Large deviation principle for stochastic differential equations driven by stochastic integrals
Ryoji Takano
TL;DR
This work establishes a large deviation framework for one-dimensional SDEs driven by stochastic integrals using a minimally invasive rough-path approach. It introduces the $α$-Uniformly Exponentially Tightness concept and proves an LDP for stochastic integrals on Hölder spaces, then transfers this to SDEs via rough-path lifts, yielding a comprehensive LDP with rate functions expressed through Cameron–Martin-type controls. The results cover small-noise and short-time regimes for rough volatility models (notably rough SABR-type dynamics) and enable asymptotic formulas for implied volatility.

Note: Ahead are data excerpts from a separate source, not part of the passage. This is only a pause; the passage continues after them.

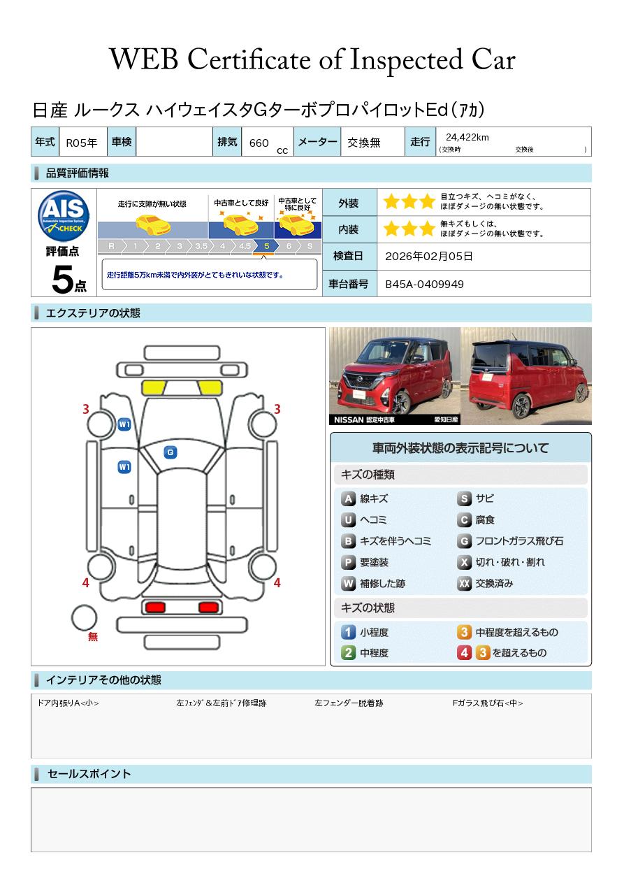 現状括弧書き内の年月まで車検有効期限が残っていますが、ご成約時に新しく車検を取り直します。なお取り直しの費用は車両価格に含まれています。
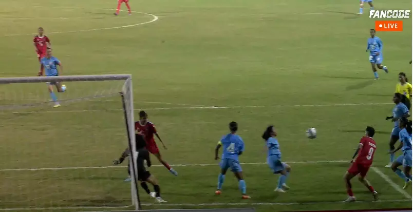 Just two minutes later, Jyothi Chauhan misses another. The ball from Manisha from a corner was well in position to be the first goal but the chance goes begging!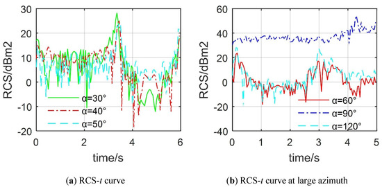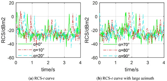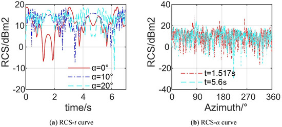 Effect of azimuth on the warship’s dynamic RCS. (a) RCS-t curve; (b) RCS-α curve.
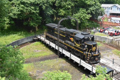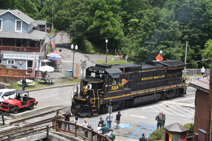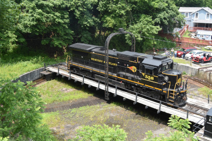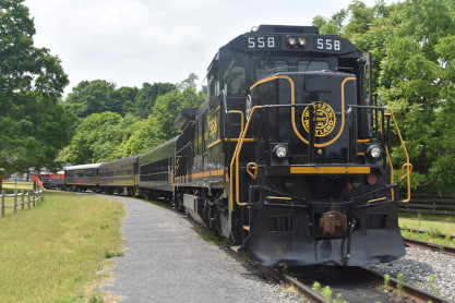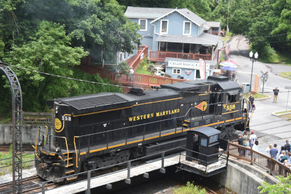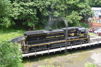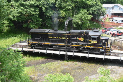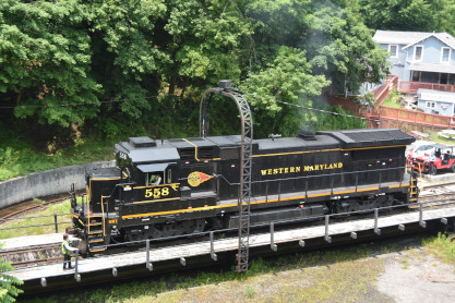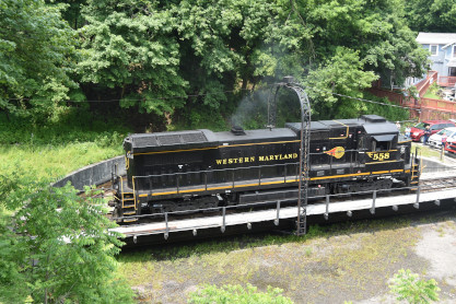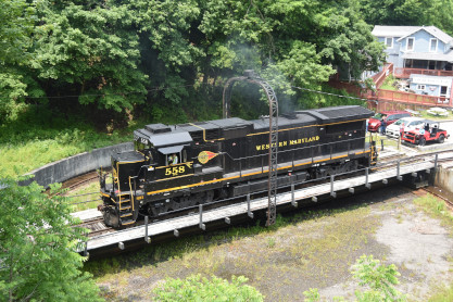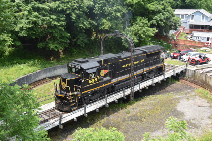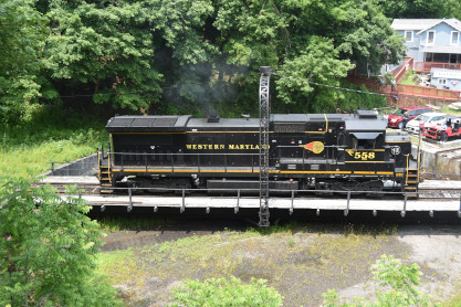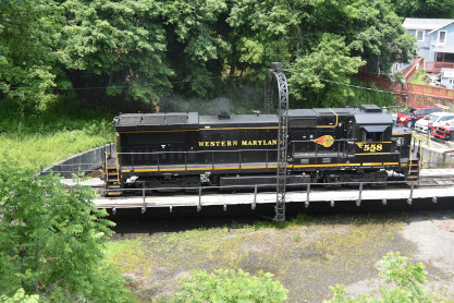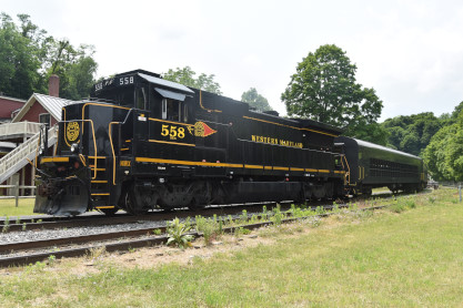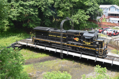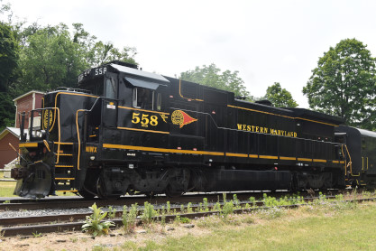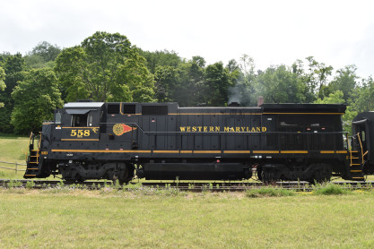 Western Maryland Scenic Railway B32-8 558, nee Norfolk Southern 3558 built by General Electric in 1989. This is the first and only General Electric locomotive in the history of the Western Maryland Scenic Railway, which arrived in August 2022. The 558 operates long hood forward and is not owned by the railway; it is currently leased from Northern Illinois & Wisconsin Railway.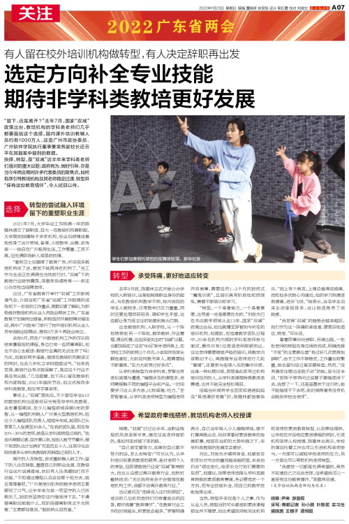“留下,还是离开?”去年7月,国家“双减”政策出台,教培机构的学科类老师们几乎都要面临这个选择。国内课外培训教辅人员约有1000万人,这是广州市政协委员、广州软件学院执行董事兼常务副校长迟云平在其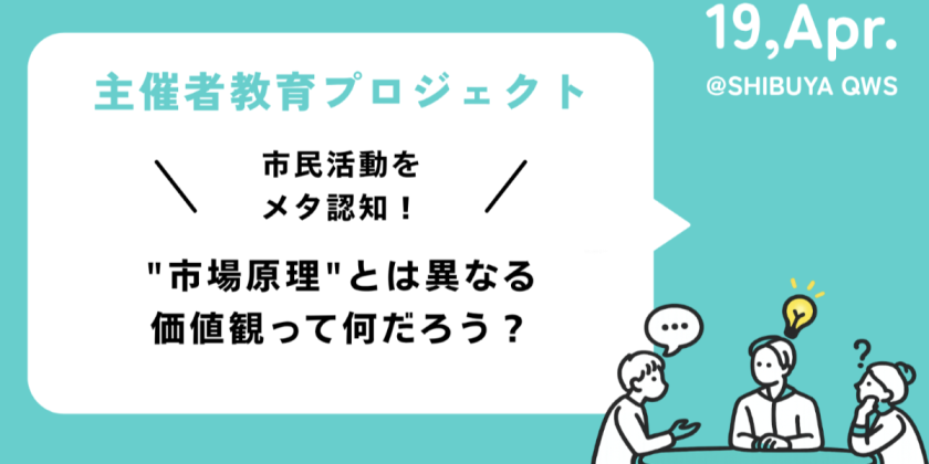 4/19(日)に、「市民活動をメタ認知しよう~市場原理とは異なる価値観って何だろう?~」というテーマで、NPOや市民活動とは何なのかを、NPO法の主旨や、定番の解釈に縛られすぎず、実践者や支援者どうしで話し合うイベントが開催されます。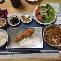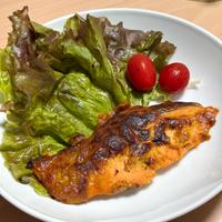 鮭グリル サラダ トマトレタスごま油和え 白米1.5合 玄米0.5合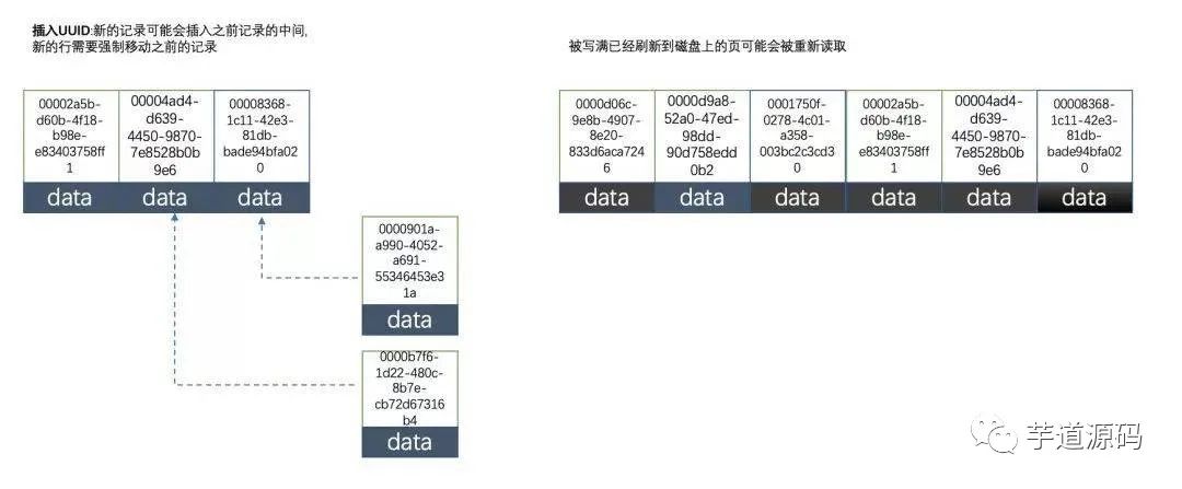 因为uuid相对顺序的自增id来说是毫无规律可言的,新行的值不一定要比之前的主键的值要大,所以innodb无法做到总是把新行插入到索引的最后,而是需要为新行寻找新的合适的位置从而来分配新的空间。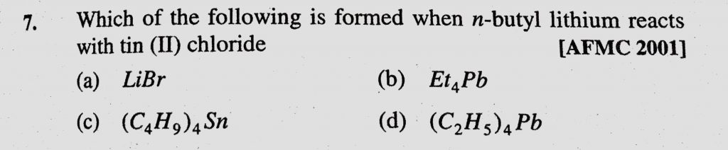 Which of the following is formed when n-butyl lithium reacts with tin (II) chloride (a) LiBr (b) Et4Pb Which of the following is formed when n-butyl lithium reacts with tin (II) chloride (a) LiBr (b) Et4Pb December 5, 2020 Category: Uncategorised (JEE Advanced Physics by BM Sharma + GMP Solutions) , Facebook Messenger WhatsApp Share this:TwitterFacebook Related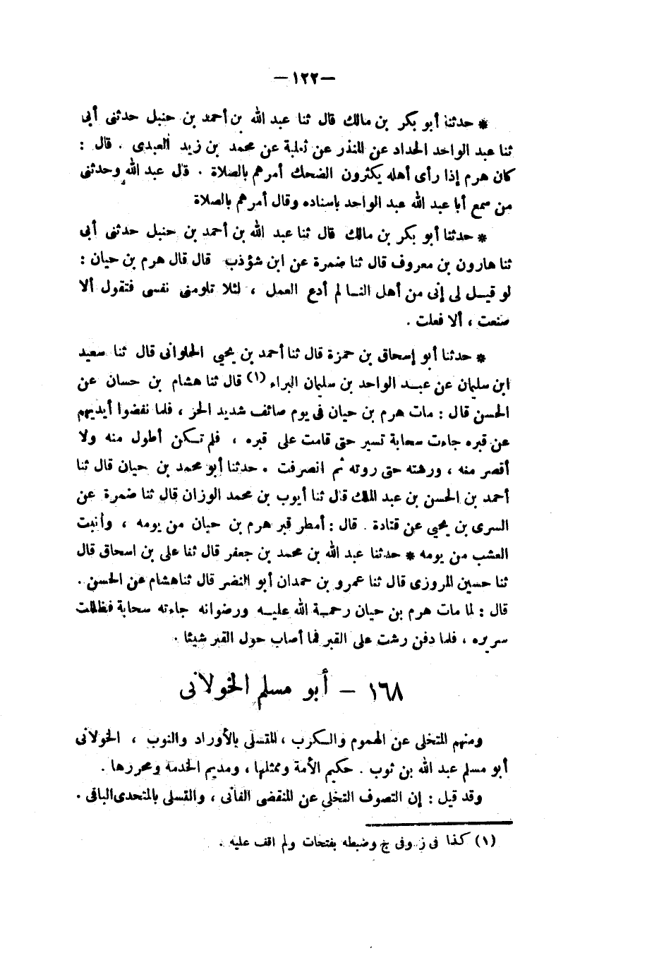 §أَبُو مُسْلِمٍ الْخَوْلَانِيُّ وَمِنْهُمُ الْمُتَخَلِّي عَنِ الْهُمُومِ وَالْكُرَبِ، الْمُتَسَلِّي بِالْأَوْرَادِ وَالنُّوَبِ الْخَوْلَانِيُّ أَبُو مُسْلِمٍ عَبْدُ اللهِ بْنُ ثَوْبٍ حَكِيمُ الْأُمَّةِ وَمُمَثِّلُهَا وَمُدِيمُ الْخِدْمَةِ وَمُحَرِّرُهَا وَقَدْ قِيلَ: إِنَّ التَّصَوُّفَ التَّخَلِّي عَنِ الْمُنْقَضِي الْفَانِي، وَالْمُتَسَلِّي بِالْمُتَحَدِّي الْبَاقِي

Practically, the findings provide rigorous, general asymptotics for option pricing and implied volatility in rough volatility settings, with a unified treatment across short-time horizons and model-generality in the volatility function and kernel operators.
Abstract
In this paper, we prove the large deviation principle (LDP) for stochastic differential equations driven by stochastic integrals in one dimension. The result can be proved with a minimal use of rough path theory, and this implies the LDP for many class of rough volatility models, and it characterizes the asymptotic behavior of implied volatility. First, we introduce a new concept called $α$-Uniformly Exponentially Tightness, and prove the LDP for stochastic integrals on Hölder spaces. Second, we apply this type of LDP to deduce the LDP for stochastic differential equations driven by stochastic integrals in one dimension. Finally, we derive the asymptotic behavior of the implied volatility as an application of main results.